Winter Lentil & Vegetable Soup
This recipe is a classic I go back to year-after-year during the winter. It’s easy and usually I have the ingredients on hand. However, if I don’t, it’s easy to substitute some vegetables for others. I’ll leave it to you to figure out what to substitute, but if you try something really interesting, please leave a comment so that other readers may use your great idea.
1 T. oil
1 onion, chopped
2 cloves garlic, minced
1 stalk celery, sliced
1 potato, peeled and cubed
1 t. dried Italian herb seasoning (or 1/2 t. each basil and oregano)

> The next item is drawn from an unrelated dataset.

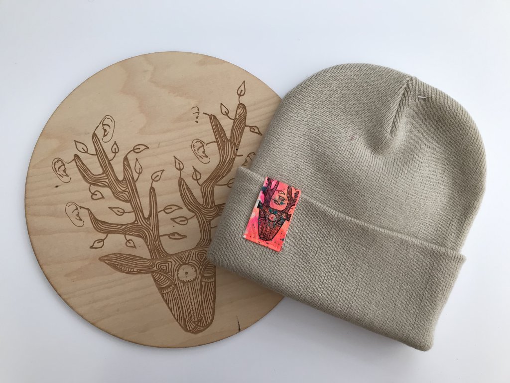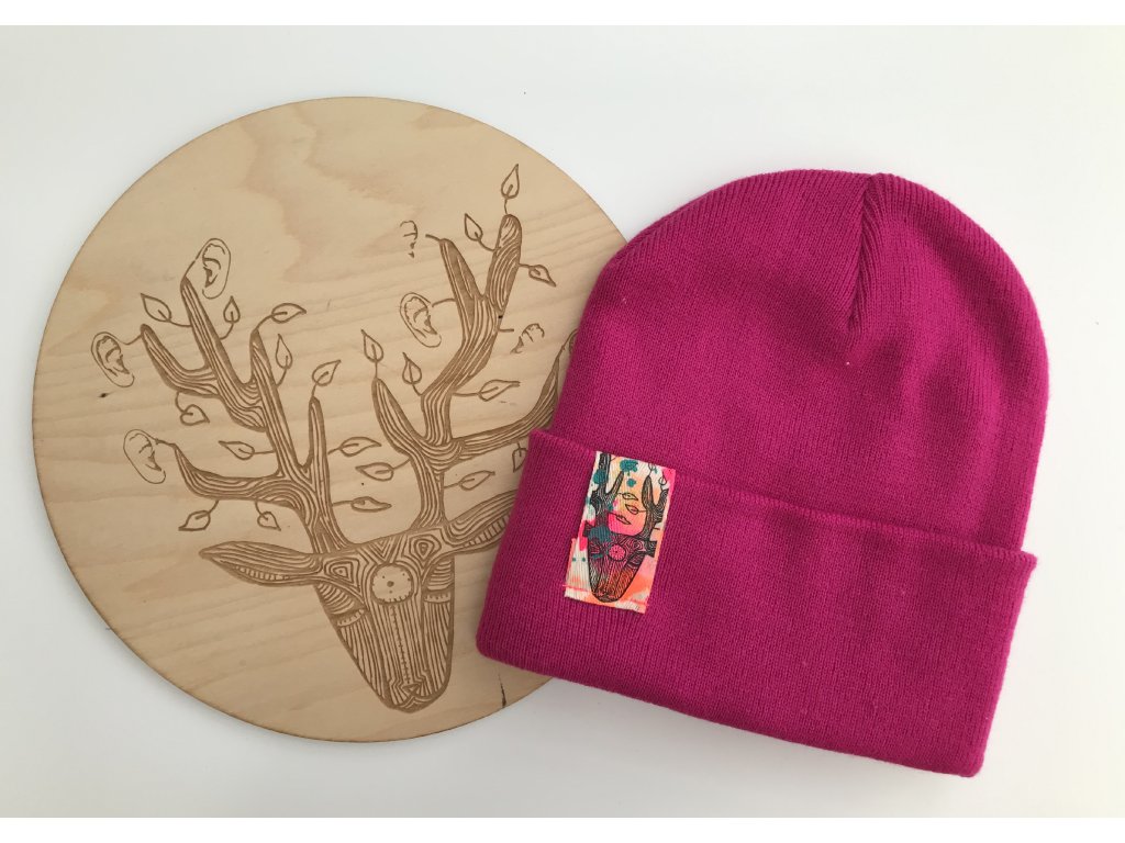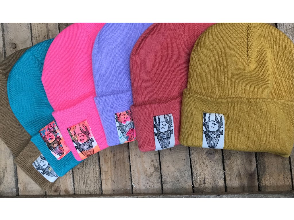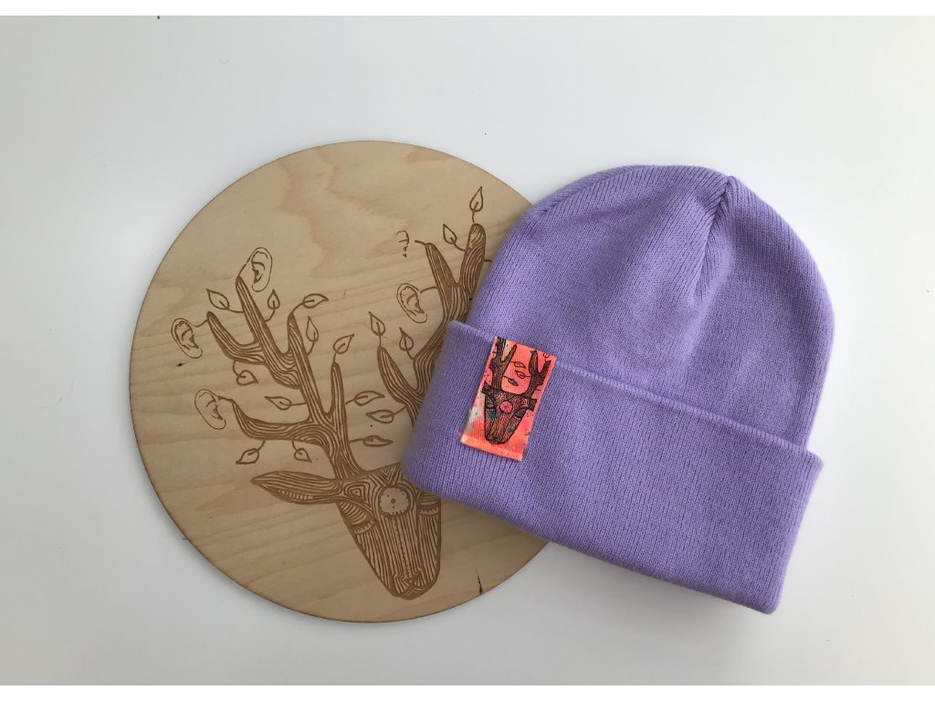 Ručně barvený a tištěný štítek.

1/4 t. each salt and pepper
4 C. stock (vegetable or otherwise)
1/2 C. green lentils
1 carrot, thinly sliced
1/2 C. each frozen peas and corn kernals
2 T. tomato paste
1 1/2 t. lemon juice
1/2 C. shredded cheddar or grated Parmesan cheese (optional)
2 T. minced fresh parsley, or 2 t. dried (If it’s winter and all you have.)
In a Dutch oven, heat oil over medium heat. Fry onion, garlic, and celery until the onion is softened. Add herbs, salt and pepper, and potatoes. Add stock and green lentils. Bring to a boil. Reduce heat, cover and simmer for 20 minutes.
Add carrot, peas, corn and tomato paste. Simmer until carrots are tender, about 10 minutes. Stir in parsley and lemon juice. Garnish with cheese (if desired.)
Makes 4-6 servings
A note about soups: Soup making is an art, not a science. Always taste the soup before serving. You may need to add more salt, depending on your taste and what kind of broth you used. You also may want to add other things. If a tomato-based soup is too acidic, add a little honey or brown sugar. If it’s bland, add some more herbs or pepper. “To taste” really means just that–fiddle around until the soup has a taste you like.